Piano piano, il calcio è sceso dall’albero dell’eresia podistica per consegnarsi alla logica dei valori (e delle natiche). Il primo a fare mea culpa è stato Prandelli. Al diavolo il 4-3-2-1, modulo che portava Balotelli al cross e non al tiro, fuori Aquilani, dentro Giovinco e spazio al 4-3-1-2, con Giaccherini e Giovinco a operare di bisturi fra le linee, ora punte d’appoggio ora rifinitori.
La squadra di Zaccheroni si è come seduta. Testa-gol di De Rossi, palo di Giaccherini, autorete di Uchida su percussione del Giac, rigore di Balotelli (propiziato da Giovinco, giuro).
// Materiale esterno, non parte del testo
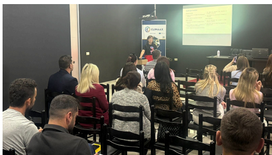
Takim konsultues për Planin e Përshtatjes ndaj Ndryshimeve Klimatike në Belsh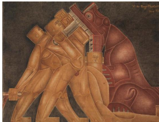
Vicente do Rego Monteiro A caçada, 1923 Óleo sobre tela 202cm x 259,2cm Museu de Arte Moderna de Paris, França

Vicente do Rego Monteiro, desde o início de sua carreira como pintor, materializou através de suas imagens mitos e cenas de um Brasil exótico que seduzia os olhos europeus. Ele transitou entre as figurações geometrizadas derivadas do cubismo e o universo indígena brasileiro marcados por uma forte influência da obra e dos conselhos de Fernand Léger.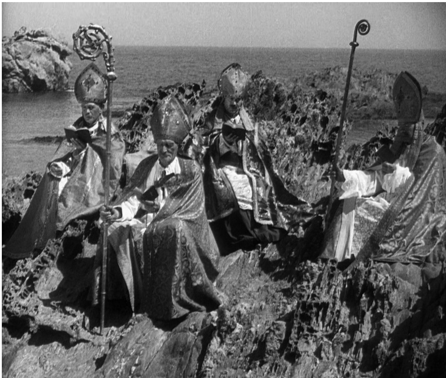
Seqüència de 'L'age d'or', de Buñuel i Dalí.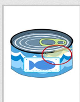
ПОДТЁКИ НА ПОВЕРХНОСТИ БАНКИ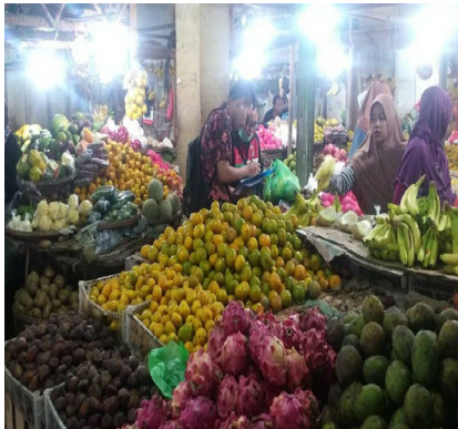
Gambar 3. Wawancara Responden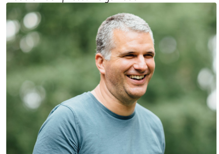
Markus Zilker | Foto: heshaoahui.com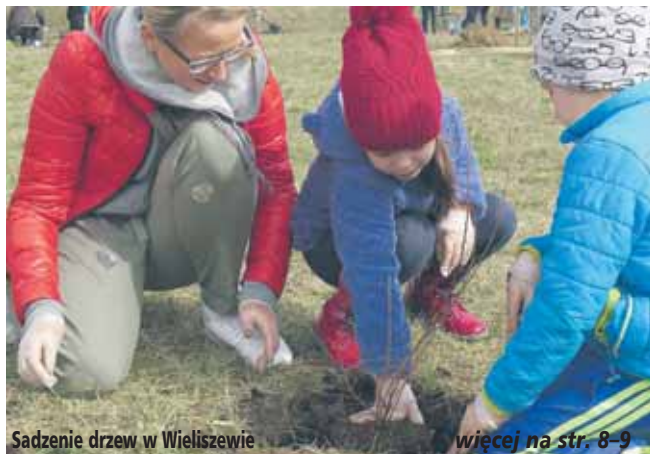
Sadzenie drzew w Wieliszewie

Tradycją już jest, że w Gminie Wieliszew organizowane jest coroczne sprzątanie świata. W tym roku było to wyjątkowe wydarzenie, bo wzbogaciła je akcja „Sadzenia drzew w Gminie Wieliszew”.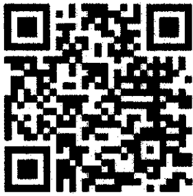
ประเภททั่วไป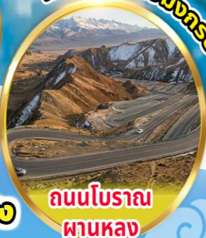
ถนนโบราณ ผานหลง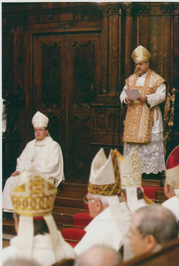
Il Cardinale pronuncia l'omelia

Secondo il sacerdote Paul Guillaume, storico dell'abbazia nel secolo XIX, appartenevano all'ordine cavense almeno 77 abbazie, 100 priorati, 20 monasteri, 10 obbedienze, 273 chiese. Ma, col passare del tempo e per cause a tutti note, l'Abbazia di Cava, come altri monasteri, ha vis-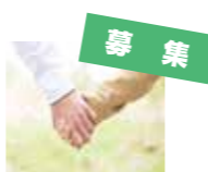
図 桂川町体育協会 ☎65・5145

【日 時】10月22日(日) (開会式) 8時30分～ ※雨天中止 【場 所】総合グラウンド、第一町民グラウンドほか 【その他】参加資格など詳しくはお問い合わせください。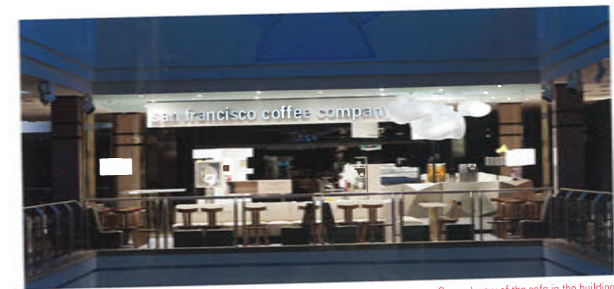
General view of the cafe in the building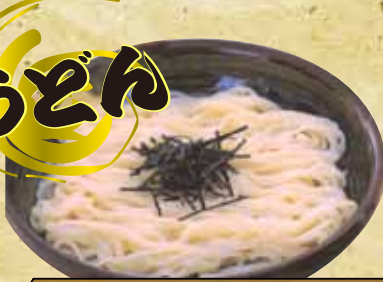
ざるうどん・うどん 500円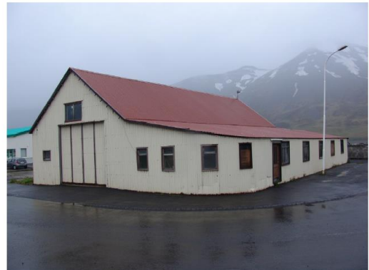
2011. Ásjúnd frá Tjarnargötu

Mynd 17 Myndir úr húsaskráningu Siglufjarðar af Tjarnargötu 2.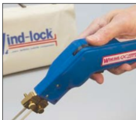
微調整できる温度調整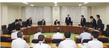
総務委員会の採決の様子

10月1、4、7日の3日間、6常任委員会が、それぞれ所管する部局等に係る議案の審査等を行った。このうち、農林水産委員会は1日に、土木委員会は4日にそれぞれ現地調査を行った。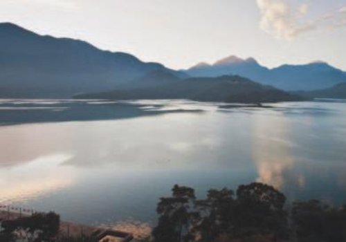
Sun Moon Lake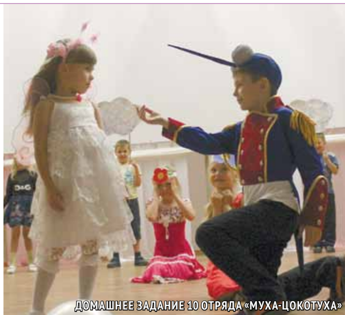
ДОМАШНЕЕ ЗАДАНИЕ 10 ОТРЯДА «МУХА-ЦОКОТУХА»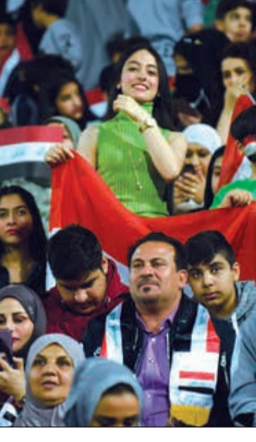
جمامير البحرين احتفلت بالتأهل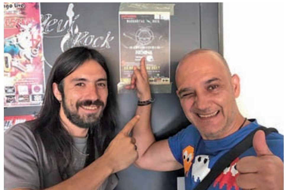
Parte de los miembros de Rexina, grupo que tocará en el festival de Las Margaritas REXINA

Muestras artísticas, gastronomía, mercadillo, talleres, fiesta de la espuma o actividades para niños, que se completan con la celebración del primer Festival Margaritas Rock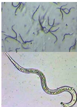
Larves de nématodes (Anguillule) des racines vues à la loupe binoculaire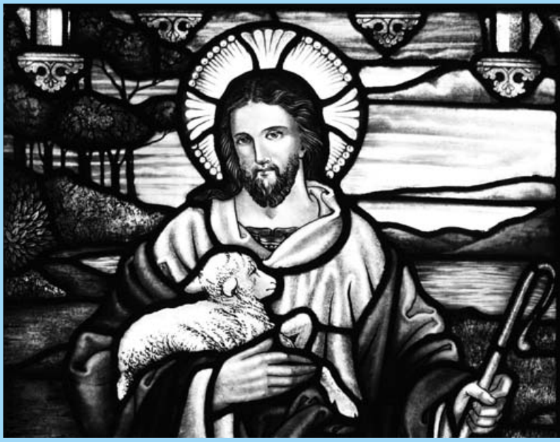
此“耶穌是好牧人”鑲嵌玻璃窗，是置放在澳大利亞 Ashfield，建於 1840 年的 St. John the Baptist Anglican Church。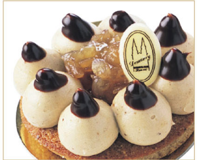
Recette pour environ • 24 pièces diamètre 8 cm soit 56 g pièce.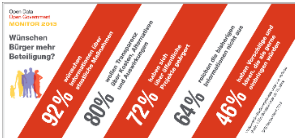
Abbildung 8: Studie SAS, 2013, S. 4; Link .

Mit dem Zugang zum Internet, und dem wachsenden Thema der Digitalisierung sowie den grundlegenden Veränderungen in der politischen Landschaft kommt der wachsende Wunsch nach mehr Transparenz und Beteiligung der Bürgerschaft gegenüber dem Staat auf. Dies wurde nach einer ersten Studie 2011 auch in 2013 nochmals von der SAS erhoben: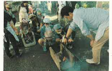
火おこしも上手にできました。

9・10月は体験学習や地域の行事がたくさん行われました。金沢区野島で行われた3・4組の南区合同宿泊学習、4・5年生の足柄体験学習では、一泊二日でいろいろな体験をして楽しみました。同じ釜の飯を食べることで、絆がさらに強いものになりました。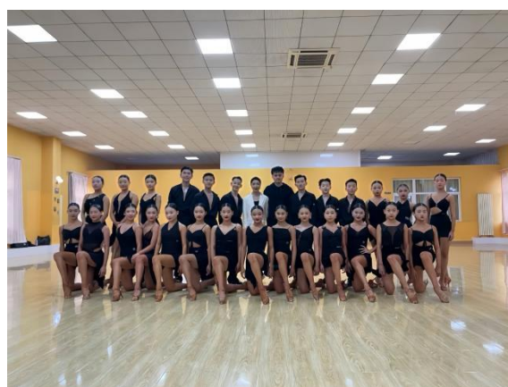
见上图：中国舞专业和国际标准舞专业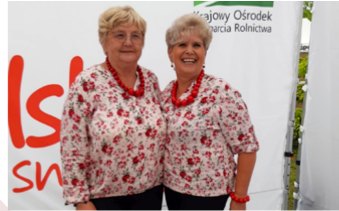
Eliminacje do konkursu Bitwa Regionów, Krasnystaw, 10.06.2023r.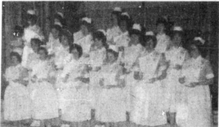
Voici le groupe de gardes-malades auxiliaires.

A toutes et à chacune, nous souhaitons, plein succès et parfaite réalisation dans leur si noble vocation. Sincères félicitations aux vingt étudiantes gardes-malades auxiliaires, aux onze gardes-bébés et aux deux étudiants infirmiers dont la qualité prédomine la quantité.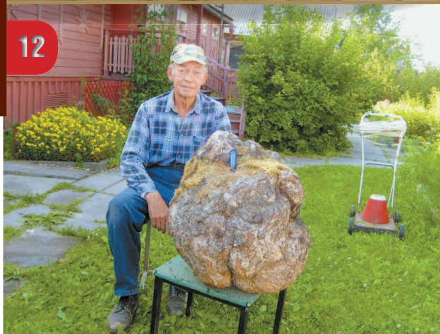
Сувель из отходов лесопилки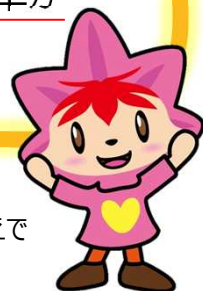
協会けんぽ広島支部 マスケットキャラクター 健康かえで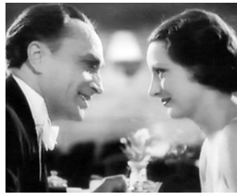
1933 I.F.I NE RÉPOND PLUS (F.P.I) de Karl Hartl avec Jill Esmond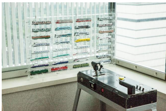
お部屋の中に株式会社トレイン製「Nゲージダイキャストスケールモデル」32台と実車のマスコンハンドルを設置

ホテル公式ウェブサイト https://www.southerntower.co.jp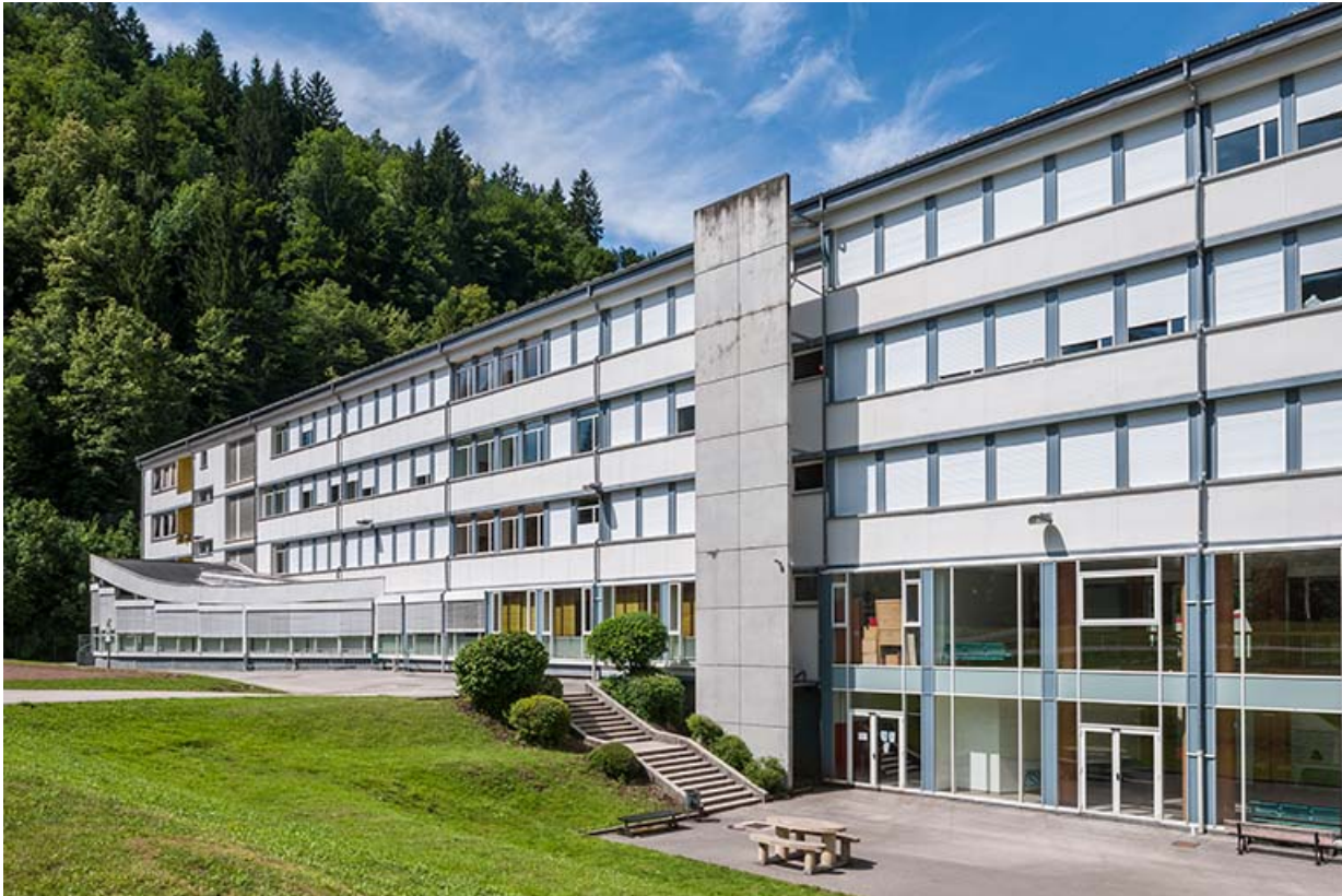
Internat : façade antérieure rénovée et aménagements extérieurs.

La sfida è stata trascinata dalle squadre come un baule pieno di scartoffie: ne cercavi una, e non sapevi dove mettere le mani, se sotto le parrucca di Honda o sopra i guanti di Buffon.
Quando sembrava tutto finito, ecco il 3-3 di Okazaki (di testa, alla De Rossi) e un’Italia di nuovo in balìa di Honda e delle onde. Che disastro, la loro difesa e la nostra, intesa come reparto e come fase. La benzina scarseggiava, il centrocampo copriva poco e male. Okazaki ha timbrato un palo, nella nostra area succedeva di tutto, tipo roulette russa. Solo che, improvvisamente, è esplosa la pallottola di Giovinco. Sì, proprio lui. E dal momento che sono il presidente dell’Associazione Giùlemaninedagiovinco, mi fermo qui. Per pudore. Cercate di capirmi.